Depends what you're comparing.  I think sometimes what happens  people are comparing things that they commonly get in the UK and how much they cost abroad then that can give an unrealistic picture.

So you get people in supermarkets abroad shocked at how much PG tips and baked beans cost but ignoring the fact that fruit is cheaper.

I travel for work a lot and in certain  places I can pay almost as much for a cappuccino as a meal so if I spend the whole trip in the local branch of Starbucks I would  get a different opinion of the cost of living than if I go to small  local restaurants.  

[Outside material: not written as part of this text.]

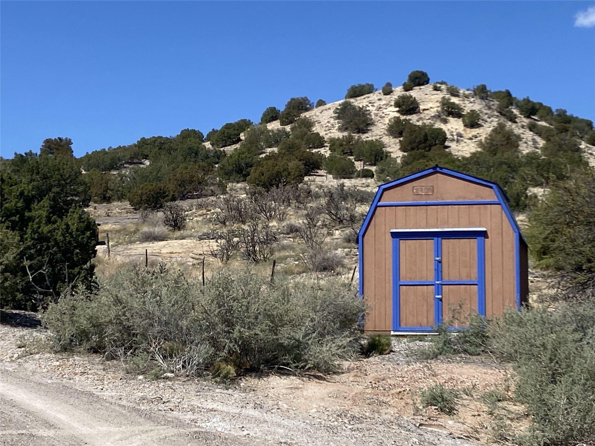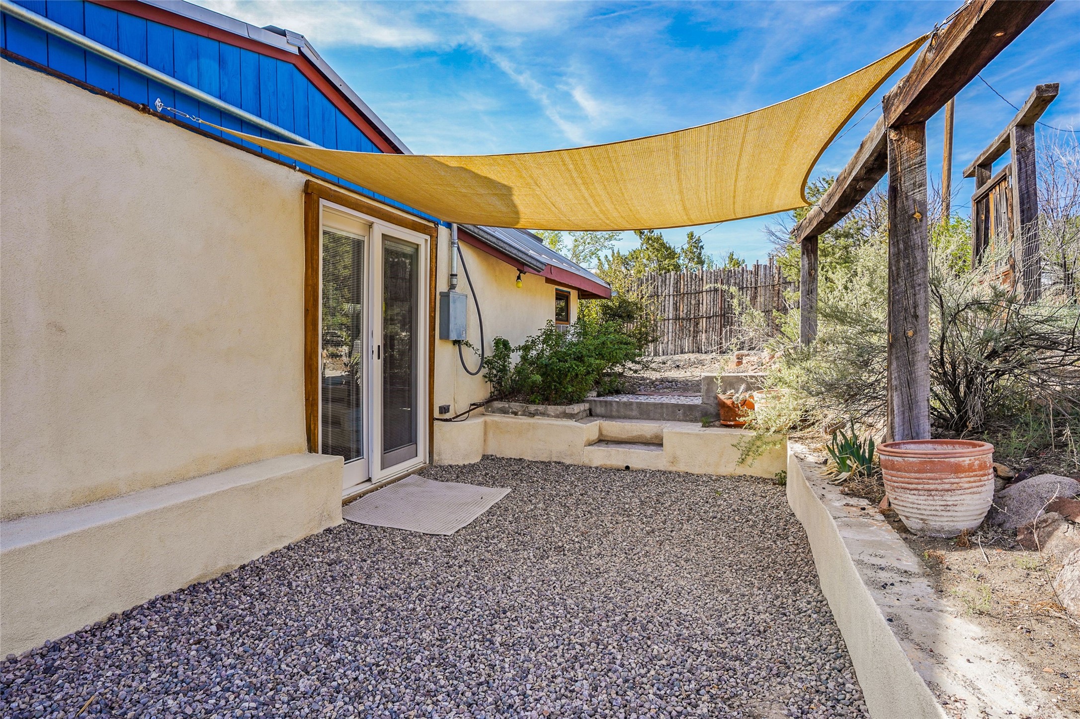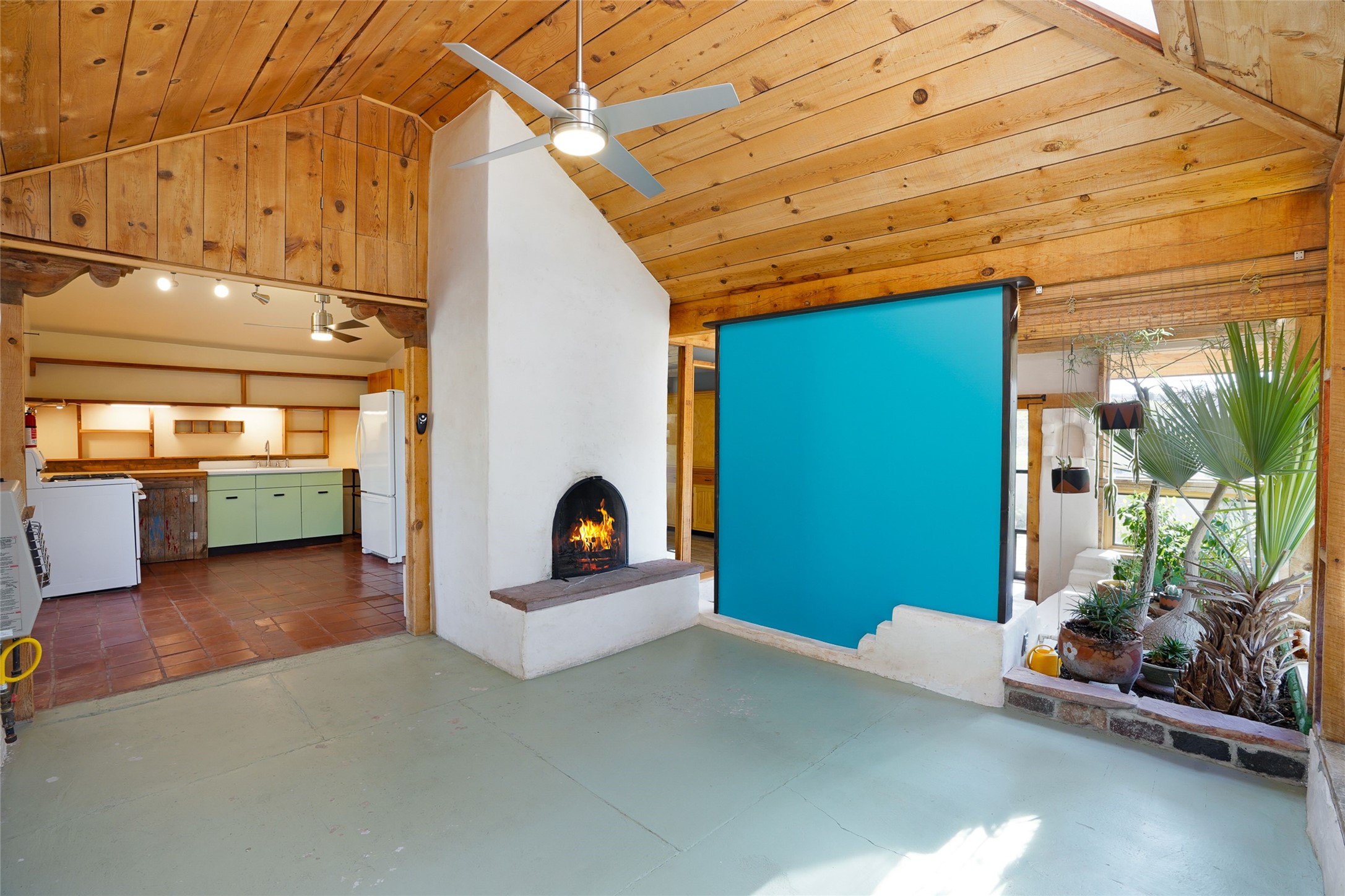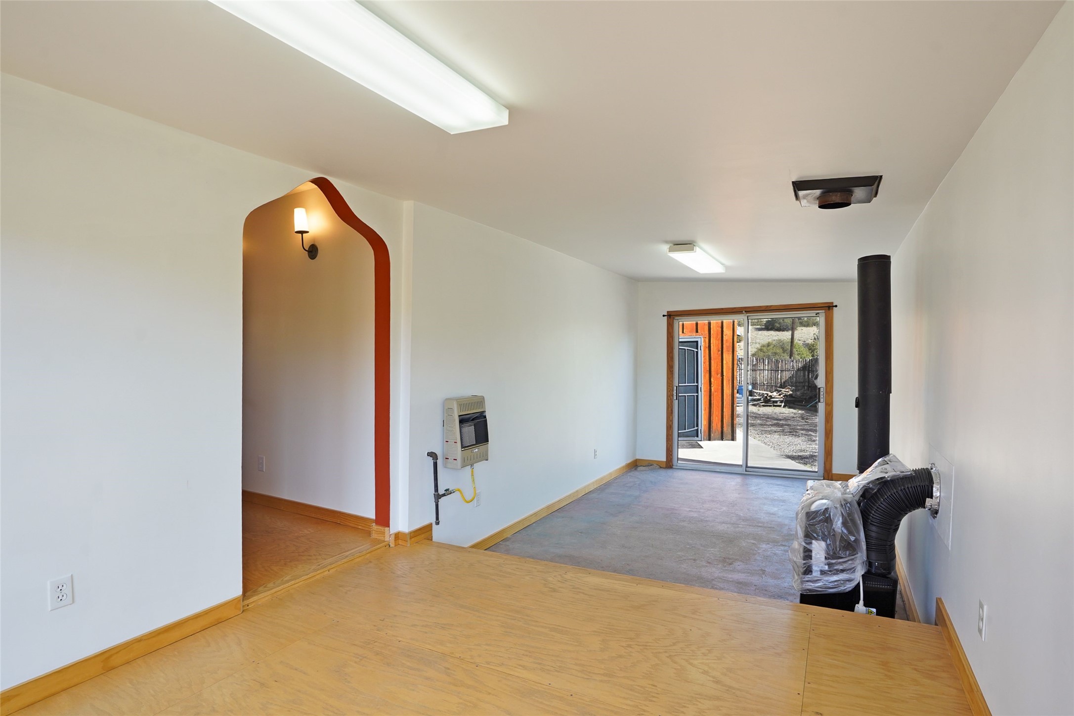 Nestled in the heart of historic Madrid village and close to the County greenbelt, this unique .64-acre property offers a blend of charm and functionality. It features a 972-square-foot artistic main home, a 443-square-foot studio complete bath with shower and sink, and a bright, spacious 750-square-foot workshop. The workshop is equipped with a wood stove for heating and a mini-split system that also provides heating and cooling. The main home showcases partial adobe construction, a sunlit atrium, a two-way kiva fireplace, and a bathroom featuring a clawfoot tub. The property consists of two legally recorded lots. Both the studio and the main house open to an expansive fenced yard with secure coyote fencing, ideal for pets. Just off the kitchen's patio doors lies a tranquil patio space, adding to the peaceful ambiance. This property is part of a lively, creative community with coffee shop, galleries, restaurants, and a general store--all within walking distance. Its location offers convenient access to Albuquerque and Santa Fe via the scenic Turquoise Trail. A perfect blend of artistry, community, and work-at-home possibilities awaits.

However as a rule, I do find transport (trains, metro, bus, taxis) very expensive in the UK compared to other countries.


----------



## JCWHITE (13 February 2013)

Swings and roundabouts.
We have been here 7 years and things have significantly increased, the main things I notice, are diesel,horse feed,and our food. 
We note with alarm the situation re anyone who works or who is self employed.
However, what price peace of mind, liberty , lots of space? 
One thing is for sure, we wouldnt have afforded a place and land like we have, back in the uk.
We dont buy British brands in supermarkets, but do have a permanent list of shopping from the uk, like Branston,Worcester sauce, Stilton and Cheddar for friends who come to stay.
And no one gets in the door without a copy of the latest Horse and Hound!


----------



## RichardRider (13 February 2013)

JCWHITE said:



			the uk, like Branston,Worcester sauce, Stilton and Cheddar for friends who come to stay.
And no one gets in the door without a copy of the latest Horse and Hound!
		
Click to expand...

Oh, real English Cheddar and Stilton, OMG; my mouth is watering at the thought!

Yes, I believe to be self-employeed here(France,) is crazy.  I've had many English Friends, who were self-employeed, even who spoke very good French, go through the roof, pulling their hair out with RED TAPE, and endless charges...

...rr


----------



## Nicnac (13 February 2013)

I think the introduction of the Euro really pushed up the COL.  Everything was rounded *up *to the nearest Euro!

Knowing your prices is important.  I live in England for the moment but am back home for a few days next week as selling a property and I know exactly what I will be bringing back to the UK with me including some horse stuff because it's cheaper and/or better quality than the UK.

I would never buy English stuff abroad as far too expensive.  If you move abroad and expect to buy exactly the same brands as you are used to here it's going to cost a lot more.

The key to working abroad is having a damn good accountant who knows all the loopholes and can deal with the red tape!  

The other thing is to know enough of the language and local people to not get ripped off.  Unfortunately, wherever we live out side of our home country, we seem to be ripe pickings for the rip off merchants.


----------



## Booboos (13 February 2013)

Some things are more expensive and some things are cheaper:

Employing anyone is much more expensive in France. Our nanny/groom costs about the same in terms of minimum wage but the national insurance contributions at 80% on top of the minimum wage are insane in France. 

Taxes are also more expensive, like the equivalent of council tax, or the wealth tax which is a killer if you fall under its requirements. Taxes for small businesses or freelancers almost make it pointless to run the business.

Everyday food shopping is more expensive, although the quality of the products, especially fresh foods, is much better.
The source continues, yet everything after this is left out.